Acclaimed author Salman Rushdie will spend the rest of his life recovering from the injuries he suffered in a savage knife attack on Aug. 12 at the Chautauqua Institution in New York state.
The fact that he survived at all is due in large part to the work of a skilled firefighter and paramedic from Greater Cleveland's Italian American community. University Heights Fire Captain Peter Pucella had just arrived at the Chautauqua amphitheater when Rushdie, 75, who was being introduced for a program on free speech, was attacked by a man who rushed the stage. "Just as we entered, I heard an audible gasp," he said. "People were already jumping on stage."
Pucella also ran to the stage, where a "pile of guys" was still fighting to subdue the knife-wielding assailant and began to treat a man who was bleeding from a slashed eyebrow. That man turned out to be program moderator Henry Reese, co-founder of a nonprofit that aids exiled writers, who had just introduced Rushdie.
"I thought he was Rushdie," Pucella said. "I didn't know what either one of them looked like, and I didn't know how many victims there were."
"You've got another one over there," someone called to him. Pucella looked and moved to where he saw a pool of blood onstage.
He and his wife have been spending summers at Chautauqua for 30 years. He describes the 148-year-old institution, about two hours from Cleveland, as a “cross between a college campus, a summer camp and a resort.” Days and nights are filled with concerts, lectures, and other cultural activities. Pucella is so much a part of the community that he works as a paramedic while there, a week at a time.

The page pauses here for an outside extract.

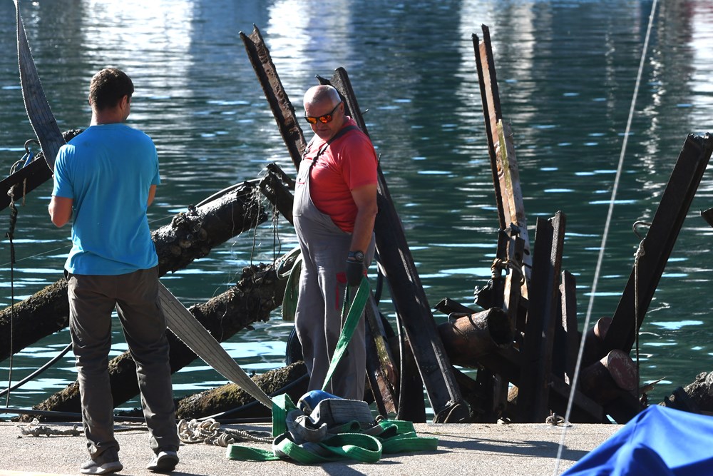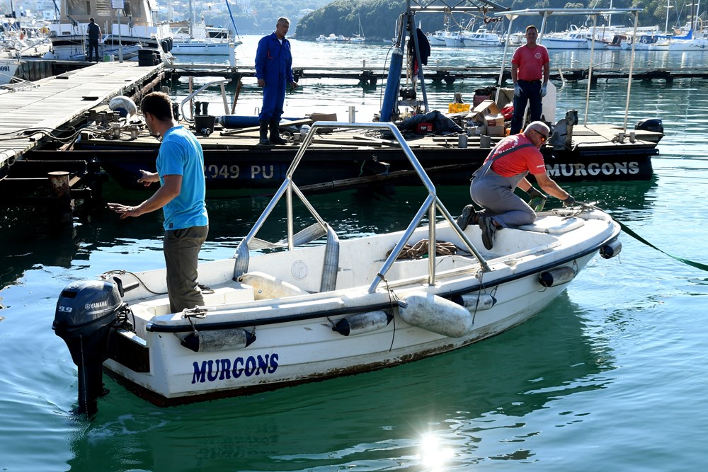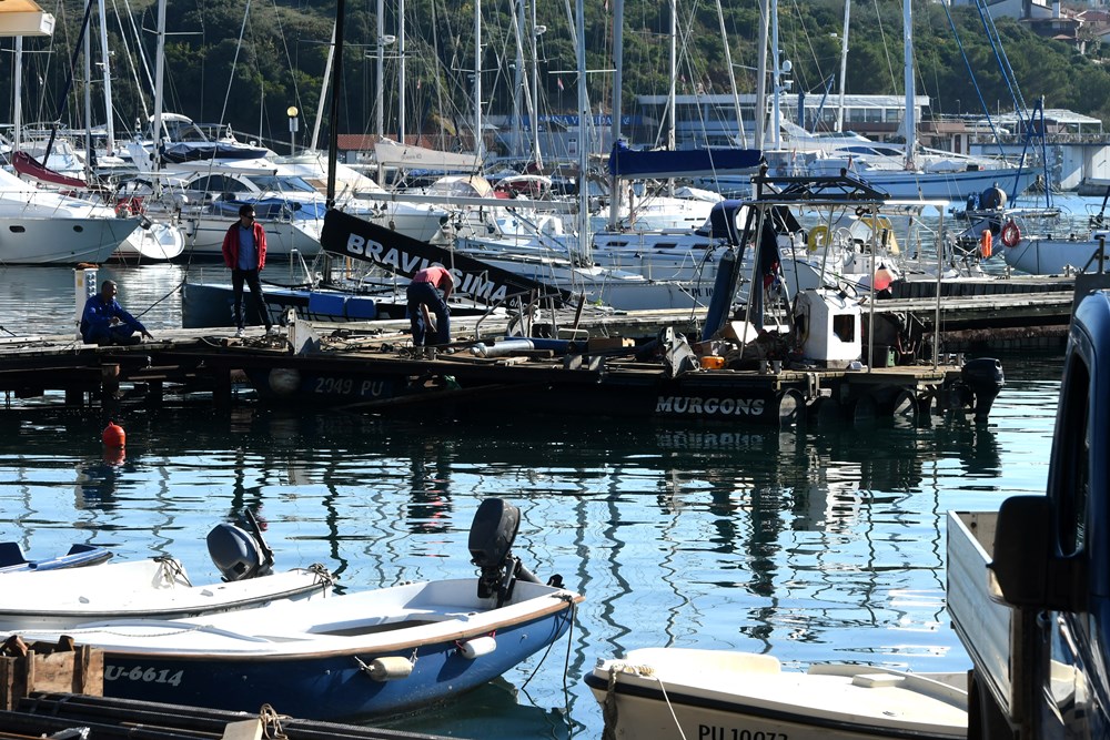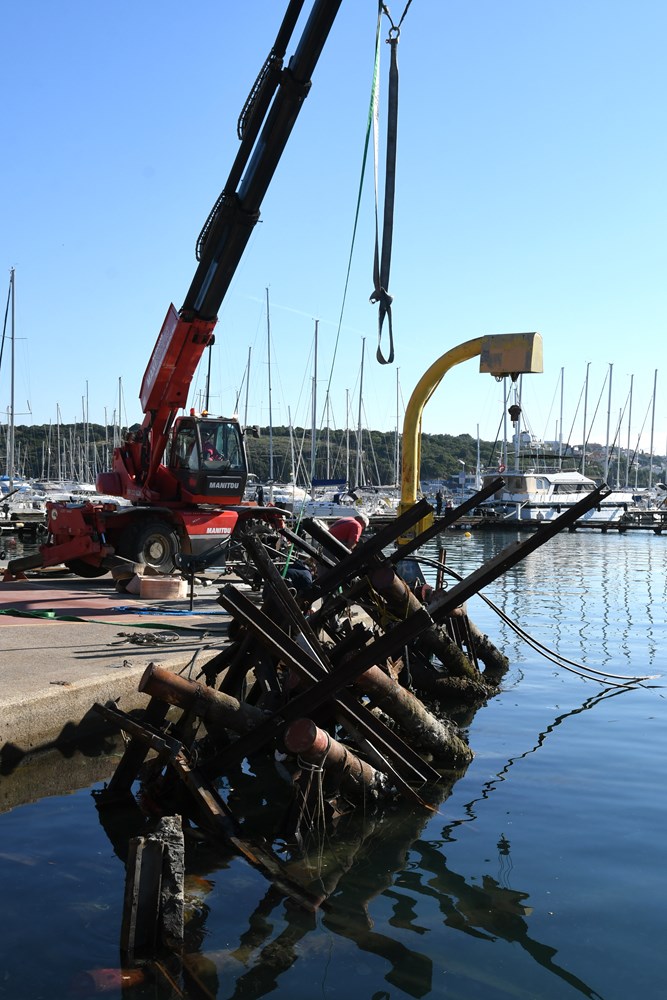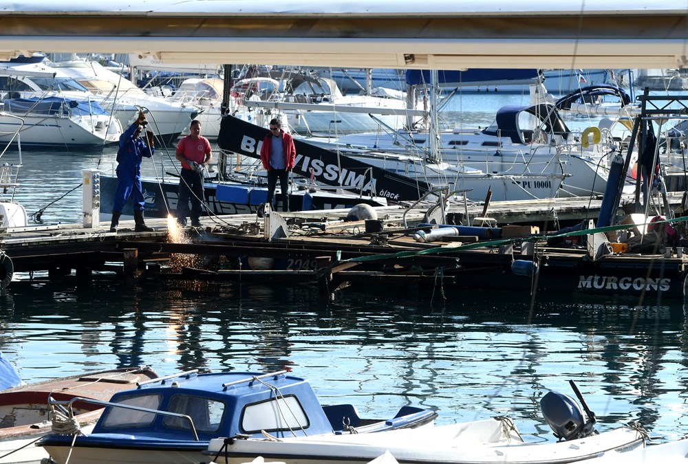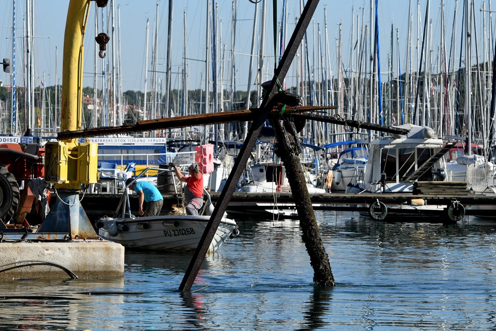 Prije uklanjanja odspojili smo struju i vodu, sve će biti gotovo do konca studenog, kaže on, te dodaje da na morskom dnu, izuzev mulja, nije pronađeno ništa zanimljivo. Nije bilo nikakvog smeća budući da se lučica redovito čisti jednom godišnje.
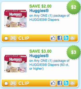 Head over to Coupons.com to find a new $2/1 Huggies Diapers. This is a high value coupon good for any size package! There is also a $3/1 Huggies Diapers (60-count package or higher).

Oddly enough, he said, he was not working the day of the attack. He was not working, that is, until he reached the theater stage and Rushdie.
The first wound, to the author's neck, had cut his jugular vein, which could have caused death within minutes. The next went through his right eyebrow. The attacker knocked Rushdie to the floor as he raised an arm to defend himself “and continued stabbing all the way down," severing nerves in his arm and damaging his liver, Pucella said. “All the wounds were on his right side. The whole attack was over in 15 seconds.”
Another paramedic who was in attendance “put his thumb in the hole in his neck, like something you would see in a war movie. We started packing all the holes with gauze.” Pucella also relieved the pressure of pooling blood that was pushing Rushdie’s eye from the socket.
One of the volunteers had a radio. Pucella grabbed it to call for backup and a medevac helicopter. The closest trauma center, in Erie, was 40 minutes away by ambulance but 10 minutes by helicopter.
The situation was so precarious when the helicopter arrived that the two paramedics on board were reluctant to transport Rushdie, fearing they wouldn’t be able to hold his airway tube and slashed artery at the same time. Pucella insisted they fly him. “I knew he wasn’t going to make it otherwise,” he said. “He was on death’s doorstep.”
Suffering what his son described as “life-changing injuries,” Rushdie underwent surgery and began a slow recovery at UPMC Hamot in Erie. Henry Reese, 73, was treated there for a facial injury and released the same day.
The attacker, identified by New York State Police as a 24-year-old man from New Jersey, was charged with attempted murder and assault and held without bail.
Pucella, covered in blood, returned to the amphitheater as the helicopter took off, hoping to retrieve a favorite shirt he had removed to keep it clean, only to be told by State Police that the area was off-limits as a crime scene. "I got it back two days later," he said with a chuckle.
The interest in education and cultural matters that brought Pucella to Chautauqua extends to his own heritage. Like other members of his family, the father of three is a longtime active member of Unione e Fratellanza Oratinese, the 98-year-old society founded by immigrants from the village of Oratino, Campobasso for themselves and their descendants.
“We are very proud of our member, Pete,” club president Anthony Pinto said. “This is just another good example of where an Italian American steps up, with no fanfare, and demonstrates leadership. No surprise!”